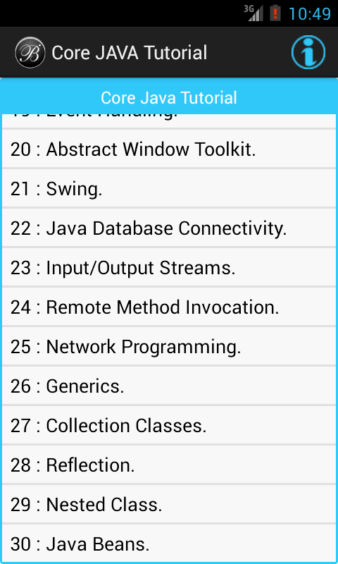 This Core JAVA Tutorial App will help you to learn JAVA programming language by simple example. This Core JAVA Tutorial App is very useful for all type of learners. We designed this Core JAVA Tutorial App in a plain simple way in order that it is easily understandable by everyone. This Core JAVA Tutorial App is good for beginners to learn basic JAVA programming by simple and suitable examples.
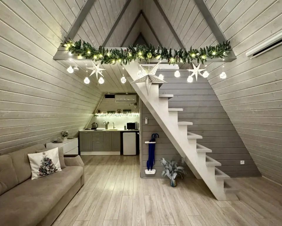 Уютный белый A-frame с панорамными окнами и дизайнерским интерьером в светлых тонах.
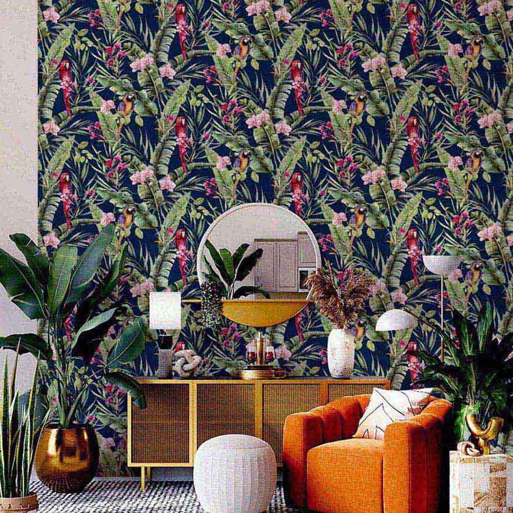 Escape to a vibrant jungle with Arthouse's Pretty Polly wallpaper. Bold botanicals, florals, and animals, including colourful parrots, pop against a rich navy background. This striking design is perfect for adding a dramatic, contemporary touch to a living room or bedroom feature wall. Paste the paper application. Offset pattern match: 26.5cm. Pattern repeat: 53cm.
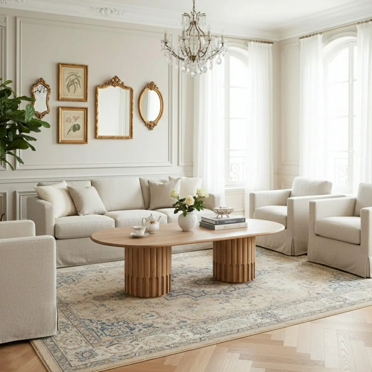Fabriquée à partir de matériaux de haute qualité, la table basse Dalta garantit durabilité et style. Les doubles bases en piédestal sont finement conçues avec un motif cannelé, offrant à la fois stabilité et attrait esthétique distinctif. Cette table sert non seulement de pièce fonctionnelle pour votre salon, mais également d’œuvre d’art qui rehausse la décoration globale de votre maison.
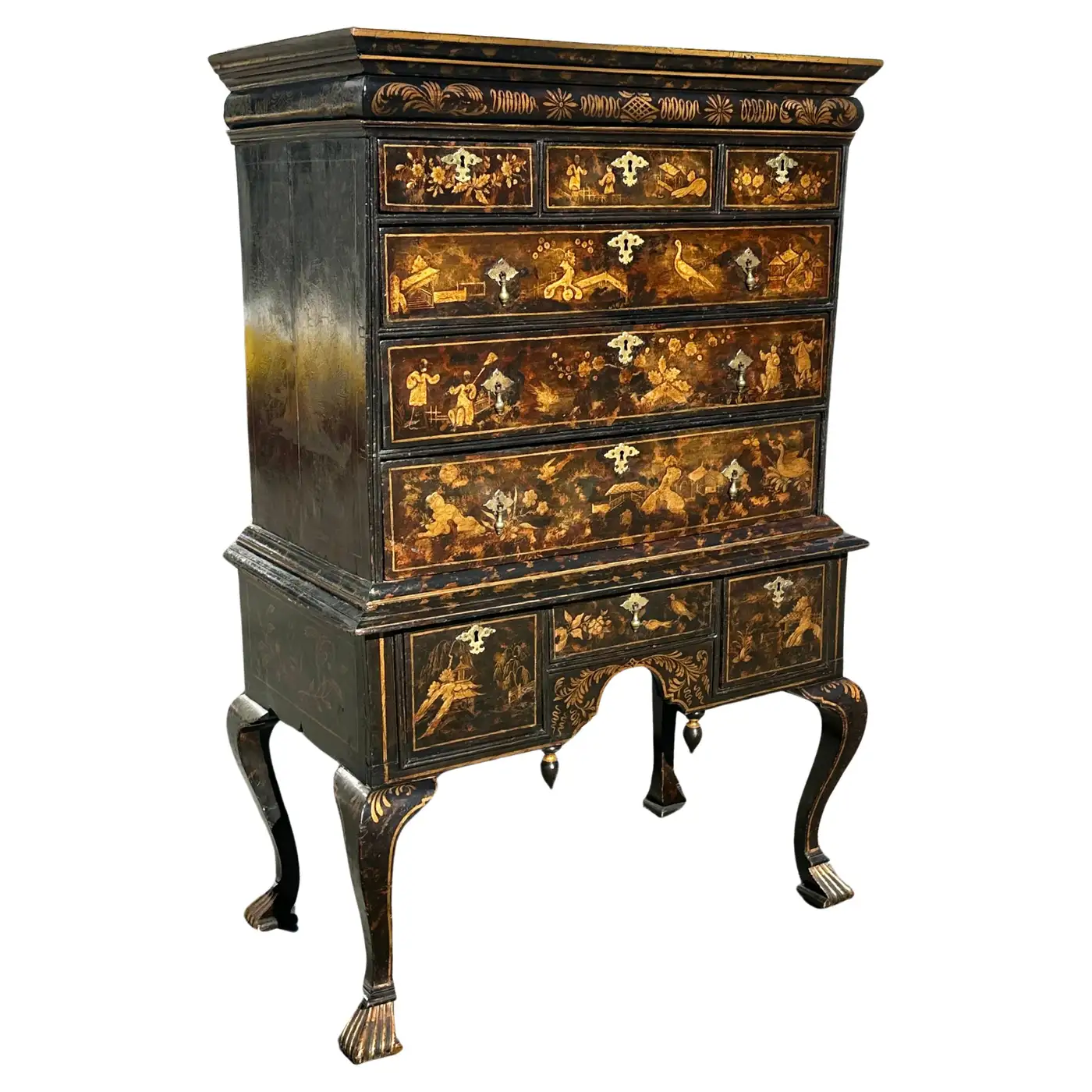 Fine English George I or Queen Anne Black Lacquered Chinoiserie Chest on Stand. Original Chinoise Design with figures, exotic birds, temples and architecture. Great patina and retention of its primary faux tortoise shell paint. Multiple drawers including original ogre drawer hidden in top frieze. Period appropriate hand-made pulls and escutcheons. Original Chinoise design on sides as well.

### Task
Omitting all pictures, reproduce the records above in their entirety.

### Task solution
 This Core JAVA Tutorial App will help you to learn JAVA programming language by simple example. This Core JAVA Tutorial App is very useful for all type of learners. We designed this Core JAVA Tutorial App in a plain simple way in order that it is easily understandable by everyone. This Core JAVA Tutorial App is good for beginners to learn basic JAVA programming by simple and suitable examples.
 Уютный белый A-frame с панорамными окнами и дизайнерским интерьером в светлых тонах.
 Escape to a vibrant jungle with Arthouse's Pretty Polly wallpaper. Bold botanicals, florals, and animals, including colourful parrots, pop against a rich navy background. This striking design is perfect for adding a dramatic, contemporary touch to a living room or bedroom feature wall. Paste the paper application. Offset pattern match: 26.5cm. Pattern repeat: 53cm.
Fabriquée à partir de matériaux de haute qualité, la table basse Dalta garantit durabilité et style. Les doubles bases en piédestal sont finement conçues avec un motif cannelé, offrant à la fois stabilité et attrait esthétique distinctif. Cette table sert non seulement de pièce fonctionnelle pour votre salon, mais également d’œuvre d’art qui rehausse la décoration globale de votre maison.
 Fine English George I or Queen Anne Black Lacquered Chinoiserie Chest on Stand. Original Chinoise Design with figures, exotic birds, temples and architecture. Great patina and retention of its primary faux tortoise shell paint. Multiple drawers including original ogre drawer hidden in top frieze. Period appropriate hand-made pulls and escutcheons. Original Chinoise design on sides as well.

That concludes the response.